The team was supposed to be advising Citicorp, the American bank, on strategy, but Turner admits he didn’t have much of a clue and Hague, a beginner, even less.
“For the better part of three weeks, William Hague bashed these figures into a computer,” Turner recalled. “We then processed them and tried to understand something about profitability and banking. At the end of it we found out that all the figures we’d been given were completely and utterly wrong. I said to William, ‘Sorry, you’d better start all over again’. He’s been blaming me for that event ever since.”
Hague went on to become the Tories’ sometime leader, adopting an anti-euro stance that Turner claims jokingly was a cussed response to his own advocacy of the European currency.
Norman became chairman of Asda, the retailer, and also the Tory party vice-chairman. Blackwell became John Major’s head of policy. Davies became director-general of the CBI and is now director of the London School of Economics. They are still friends, naturally.
This group of young bloods represented a new breed of fiercely meritocratic pragmatists who were increasingly to dominate British public life. Unusually they were as fascinated by politics and public policy as they were by business.
Interestingly, those in the group who entered politics have been tainted by failure and Turner’s anecdote is a gift to critics who claim that McKinsey man delivers less than he promises.
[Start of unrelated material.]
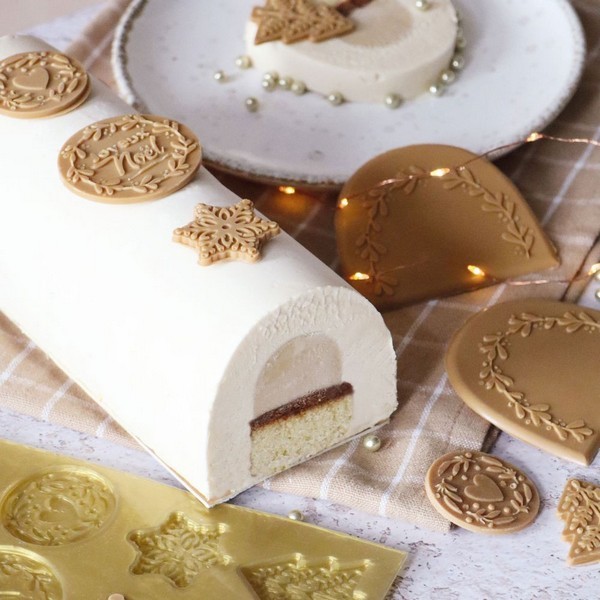 Ce moule en silicone est idéal pour créer facilement de jolies décorations en chocolat à disposer sur vos bûches, gâteaux et desserts de fêtes. Sa matière souple permet un démoulage facile et précis. Il offre plusieurs formes festives — étoiles, embouts de bûche et sapins — pour embellir vos créations en un clin d’œil.

Turner stayed with the company for 13 years to become the consummate McKinsey technocrat. So it comes as no surprise that his massive Pensions Commission report bears the McKinsey stamp of rigorous analysis, even though its 460 pages were scorched by a pre-emptive strike from Gordon Brown, the chancellor, who implied in a leaked letter that its key proposals were unaffordable and unsustainable.
Nevertheless, the fruit of Turner’s three-year labours has been generally well received. It proposes a more generous state pension linked to earnings rather than prices, with less means testing (ideas that so displeased the chancellor) and a new state pension age for men and women that would rise to 66 by 2030 and 67 by 2040 and 68 at 2050. He also suggested a national pension savings scheme for those without occupational or private pensions, into which workers would pay 4% of salary, employers 3% and the government 1%. Those who wished could opt out.
At 50, Turner is a millionaire who is now surely owed more time with his antique collection at the grand mansion in Kensington, west London, that he shares with his Irish wife Orna Ni Chionna, who was a member of his McKinsey team. They have two daughters, Eleanor, 17, and Julia, 14.
However, this polished and ever-so slightly smug man, squeezed between No 10 and No 11, was soon obliged to come out fighting. In his presentation he had indirectly accused Brown of indulging in “fairy-tale economics”, but by Friday the gloves were off and he attacked the chancellor’s criticism as “a caricature” that was “not a contribution to a sane argument”.
Turner has started the great pensions debate, but the question is whether he will campaign for his blueprint for reform? Once embraced by Tony Blair — and Brown — as an honest broker with little political baggage, he now finds his appetite for public reform waning after carrying out a review of National Health Service management and steering the low pay commission.